If we take a grid of a grid length '2' then there will be 7² possible number of squares.
This process will continue until we take a grid of grid length '8' which gives 1² possible number of squares.
Total Squares = 8² + 7² + 6² +. . . .+ 2² + 1²
Total Squares = 64 + 49 + 36 +. . . + 4 + 1
Total Squares = 204
So, total 204 squares are there in given grid.
Answer
So, there are 1296 rectangles and 204 squares in given grid.
Method 2 ( Short Cut )
For counting number of rectangles in a n × n grid, we use formula of sum of cubes of first n natural numbers.
Sum of cubes of first n natural numbers =
[ n( n + 1 ) / 2 ]²
For counting number of squares in a n × n grid, we use formula of sum of squares of first n natural numbers.
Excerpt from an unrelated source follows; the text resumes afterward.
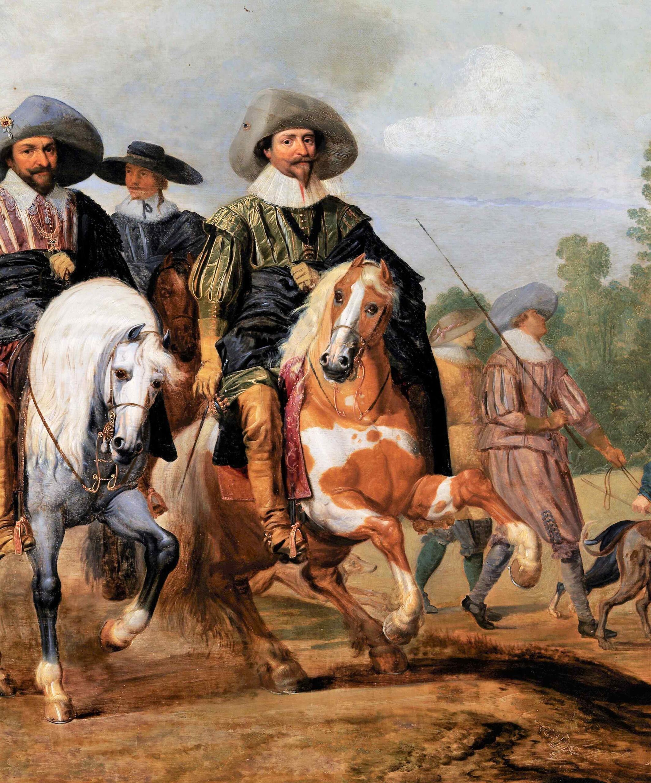 Alle paardenkleuren komen voor op de ruiterportretten van de Oranjes, maar van de drie prinsen van Oranje die Adriaan van de Venne schildert, rijdt Frederik Hendrik op een izabelbonte.
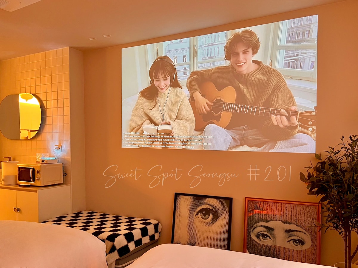 #201. 距离圣水站 7 分钟。时尚住所。咖啡馆街。投影仪。2 张床。新建 [Sweet Spot,圣水]

Sum of squares of first n natural numbers =
[ n( n + 1 )( 2n + 1 ) / 6 ]
To check the formula, we can put n = 8, which will also give,
1296 rectangles and 204 squares.
Note : Total number of rectangles includes all squares as squares are also rectangles.
Why you ignore me
For a 2x2 square, we have a total of 4 possible rectangles, each 1x2 squares. For the 3x3 square, we can find 12 1x2 squares, 6 1x3 squares, and 4 2x3 squares for a total of 22 squares. For the 4x4 square, we can find 24 1x2's, 16 1x3's, 8 1x4's, 12 2x3's, 6 2x4's, and 4 3x4's for a total of 70 squares.